Relevant wiki: Integration Tricks

$\text{Using the Identity : } \displaystyle \int_{a}^{b} f(x)\cdot dx = \displaystyle \int_{a}^{b} f(a+b-x)\cdot dx \\ I = \displaystyle \int_{0}^{\pi} \sin{x} \cdot \ln{\left( \cot{\frac{x}{2}}\right)}\cdot dx \\ I = \displaystyle \int_{0}^{\pi} \sin{(\pi - x)} \cdot \ln{\left( \cot{\frac{\pi-x}{2}}\right)}\cdot dx \\ \text{Add the two integrals } \\ 2I= \displaystyle \int_{0}^{\pi} \sin{x} \cdot \ln{1} \cdot dx \\ \boxed{I = 0}$

the d theta is meant to be a du, and du is meant to be d theta for 1st piece of the problem as we're solving for d theta.

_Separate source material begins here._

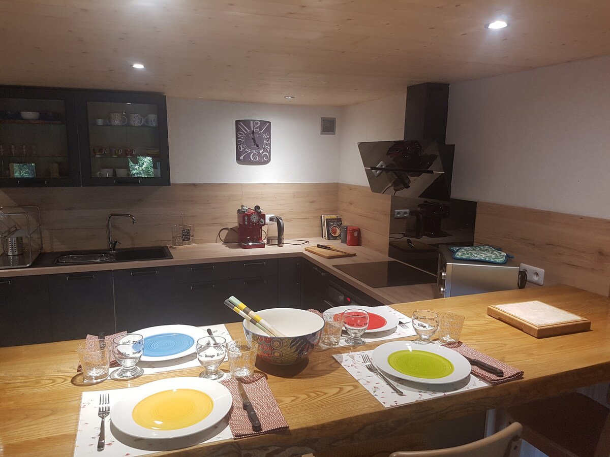 The house is a recently built and welcoming chalet. You will enjoy a region ideal for hiking or discovering a rich local heritage. Located in a peaceful hamlet, you will be welcomed by Sam and Krisha, our friends and English neighbors. At 10 minutes from the highway (A89), between Lyon and Clermont-Ferrand, the house can welcome 4 adults or a family with two children properly. The breathtaking view invited us to built this house, we want to share it with you...
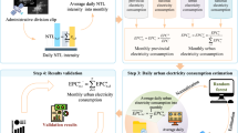 The “top-down” approach offers an effective alternative14,15. This approach utilizes open-source big data, such as satellite imagery and socio-economic data (e.g., gross domestic product (GDP), population density), serving as proxies for data downscaling16,17,18,19,20. For instance, Zhou et al.21 developed a spatial disaggregation index using multi-source variables to estimate high-resolution building energy consumption. Furthermore, machine learning techniques effectively extract non-linear relationships between variables, enabling the “top-down” method to estimate electricity consumption accurately with minimal loss, thus improving the model’s precision. Chen et al.22 used the particle swarm optimization-back propagation (PSO-BP) algorithm to estimate electricity consumption at the 1 km × 1 km grid using nighttime lights as a proxy. This study demonstrated the synergy between big data and machine learning in downscaling electricity consumption. However, most existing datasets provide only annual data, limiting applications that require monthly data (e.g., energy demand forecasting23 or short-term effect analysis24). According to our survey, monthly electricity consumption data with high spatial resolution are not currently available in China.

First, make that arguments of the trigonometric functions identical to $\frac{x}{2}=y$ , replace $\cot y = \frac{\cos y}{\sin y}$ , and distribute the logarithm: $\sin x \cdot \ln\left(\cot\frac{x}{2}\right) = 2 \sin y \cos y \ln \cos y - 2 \sin y \cos y \ln \sin y$ Using that $\sin y = \cos(\pi/2-y)$ , and similarly $\cos y = \sin(\pi/2-y)$ , this rewrites into $= 2 \sin y \cos y \ln \cos y - 2 \sin(\pi/2-y) \cos(\pi/2-y) \ln \cos(\pi/2-y)$ Now, observe that $y$ ranges from $0$ to $\pi/2$ , and that $\int_0^{\frac{\pi}{2}} f(y)\ dy = \int_0^{\frac{\pi}{2}} f(\pi/2 -y)\ dy$ . Thus, we find $\int_0^{\frac{\pi}{2}} 2 \sin y \cos y \ln \cos y\ dy = \int_0^{\frac{\pi}{2}} 2 \sin(\pi/2-y) \cos(\pi/2-y) \ln \cos(\pi/2-y)\ dy$ Hence, we have $\int_0^{\pi} \sin x\cdot\ln\left(\cot\frac{x}{2}\right) dx = 0$

The integrand is symmetrical respect to $x=\frac{\pi}2$ then the integral is 0.